### Data shown
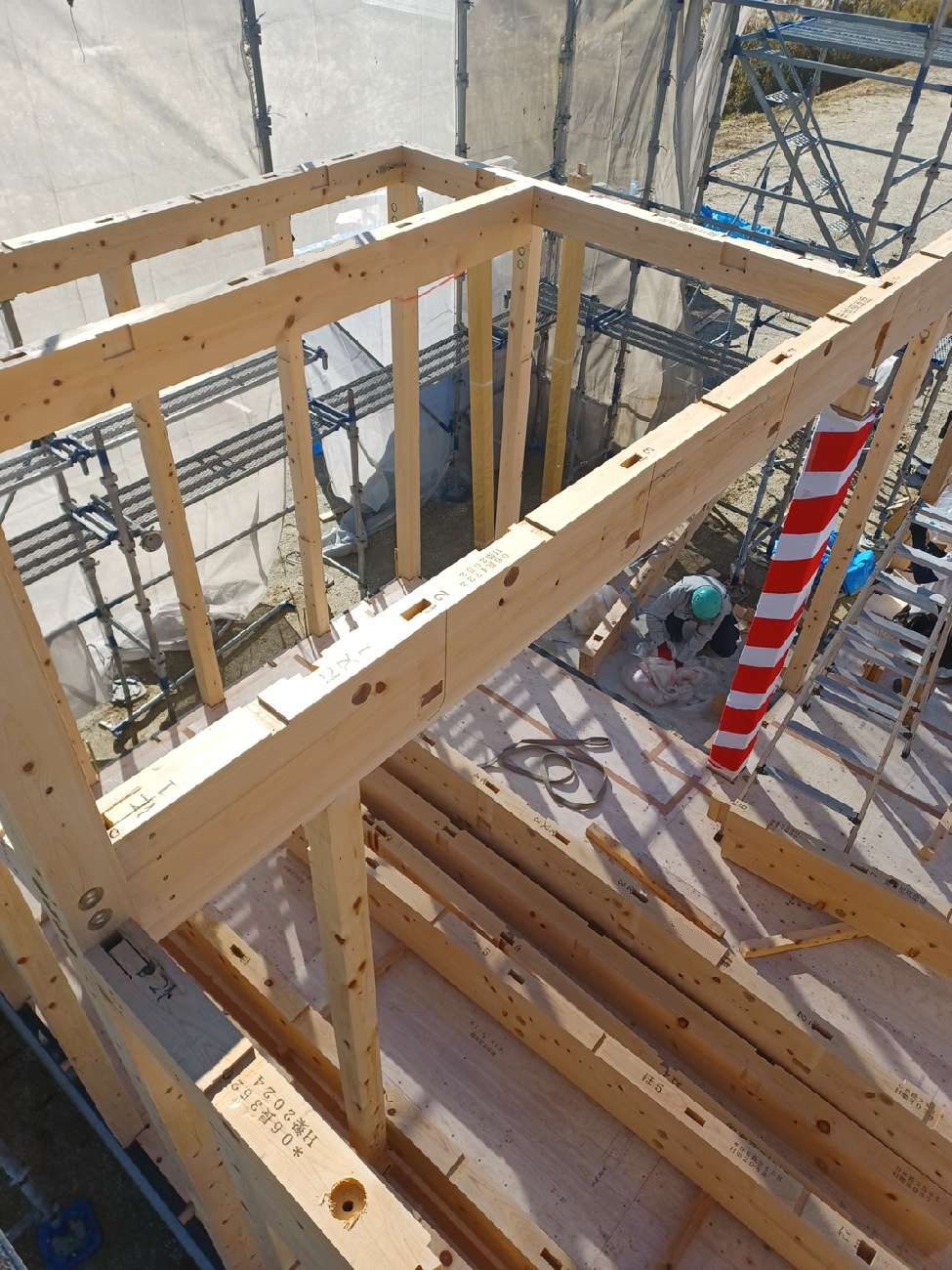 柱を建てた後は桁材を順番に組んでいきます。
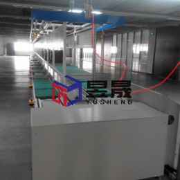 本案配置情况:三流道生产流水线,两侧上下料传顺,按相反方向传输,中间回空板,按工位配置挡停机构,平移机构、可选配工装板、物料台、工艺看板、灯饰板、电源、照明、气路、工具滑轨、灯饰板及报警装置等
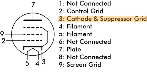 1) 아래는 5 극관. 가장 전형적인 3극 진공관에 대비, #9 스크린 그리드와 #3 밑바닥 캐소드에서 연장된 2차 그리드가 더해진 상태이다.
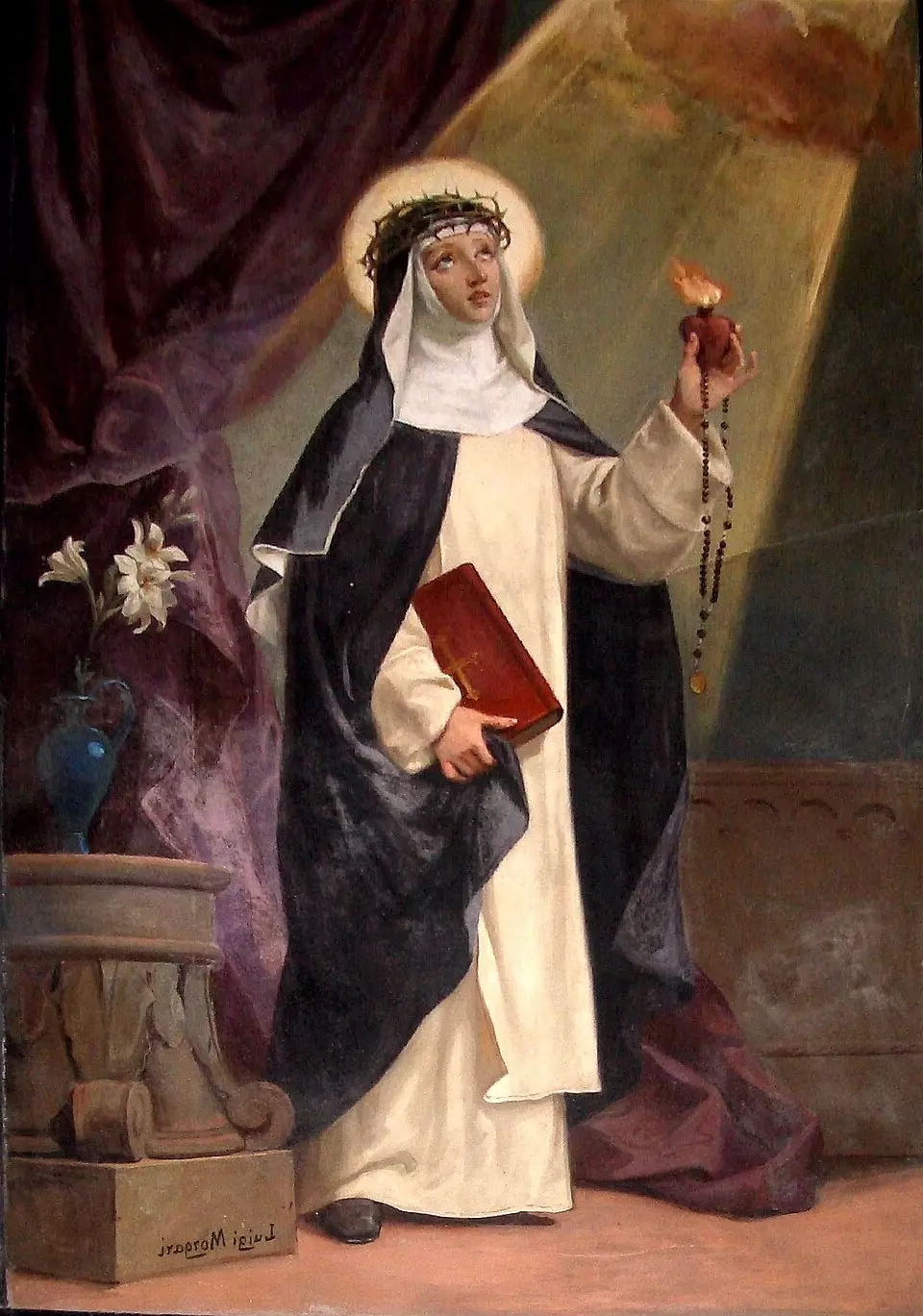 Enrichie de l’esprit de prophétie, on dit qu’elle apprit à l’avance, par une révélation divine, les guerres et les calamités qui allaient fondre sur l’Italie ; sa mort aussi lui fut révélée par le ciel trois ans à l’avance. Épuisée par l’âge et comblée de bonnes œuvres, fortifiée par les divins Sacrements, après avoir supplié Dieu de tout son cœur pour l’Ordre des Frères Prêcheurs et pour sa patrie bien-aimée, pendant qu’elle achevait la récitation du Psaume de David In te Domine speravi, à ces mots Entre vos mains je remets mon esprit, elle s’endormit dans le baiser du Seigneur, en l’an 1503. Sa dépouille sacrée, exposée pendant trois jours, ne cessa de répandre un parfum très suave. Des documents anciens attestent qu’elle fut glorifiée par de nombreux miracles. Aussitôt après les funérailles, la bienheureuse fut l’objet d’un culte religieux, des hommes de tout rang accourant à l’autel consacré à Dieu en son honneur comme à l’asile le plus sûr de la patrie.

### Task to carry out
Beginning with the line that contains "1) 아래는 5 극관." and ending with the last line of the data, restate each line word for word. Exclude the pictures.

### Answer box
 1) 아래는 5 극관. 가장 전형적인 3극 진공관에 대비, #9 스크린 그리드와 #3 밑바닥 캐소드에서 연장된 2차 그리드가 더해진 상태이다.
 Enrichie de l’esprit de prophétie, on dit qu’elle apprit à l’avance, par une révélation divine, les guerres et les calamités qui allaient fondre sur l’Italie ; sa mort aussi lui fut révélée par le ciel trois ans à l’avance. Épuisée par l’âge et comblée de bonnes œuvres, fortifiée par les divins Sacrements, après avoir supplié Dieu de tout son cœur pour l’Ordre des Frères Prêcheurs et pour sa patrie bien-aimée, pendant qu’elle achevait la récitation du Psaume de David In te Domine speravi, à ces mots Entre vos mains je remets mon esprit, elle s’endormit dans le baiser du Seigneur, en l’an 1503. Sa dépouille sacrée, exposée pendant trois jours, ne cessa de répandre un parfum très suave. Des documents anciens attestent qu’elle fut glorifiée par de nombreux miracles. Aussitôt après les funérailles, la bienheureuse fut l’objet d’un culte religieux, des hommes de tout rang accourant à l’autel consacré à Dieu en son honneur comme à l’asile le plus sûr de la patrie.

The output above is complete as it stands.